That's what I assumed. I figured that you had taken it down intentionally. 

Oh, and Totmacher and anyone else still interested in getting ahold of the video, I will respect Em's privacy, and not distribute it at all, even privately. Sorry, guys. I hadn't even meant to keep the thing, and only thought of checking my download cache when I saw that this thread was still going. 

But if you still wanted to leave me a paper bag filled with money somewhere, I wouldn't object.


----------



## Stealth (Oct 25, 2005)

*puts on cutesy-fase*


Puh-Leaassseeeee???


----------



## Totmacher (Oct 26, 2005)

bluetech said:


> That's what I assumed. I figured that you had taken it down intentionally.
> 
> Oh, and Totmacher and anyone else still interested in getting ahold of the video, I will respect Em's privacy, and not distribute it at all, even privately. Sorry, guys. I hadn't even meant to keep the thing, and only thought of checking my download cache when I saw that this thread was still going.
> 
> But if you still wanted to leave me a paper bag filled with money somewhere, I wouldn't object.

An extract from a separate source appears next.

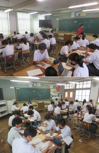 3年3組の数学は、平方根の値について、実際に電卓を使って、グループでそれぞれ平方根の値を求めました。

I figured you wouldn't, but there is a paper bag full of cash here that's just gonna have to go back to the bank...  Sorry, em. You're just too cute for my own good sometimes


----------



## bluetech (Oct 26, 2005)

Perhaps as a consolation, if she feels up to it CurvyEm could produce other videos graced with her beauty for private screenings here at Dimensions? 

Just a suggestion.


----------



## AnnMarie (Oct 26, 2005)

I have closed this thread at Em's request. She doesn't want the video reposted, or to have it keep coming up again and again... so closed it is, hope you enjoyed it while it was there!


----------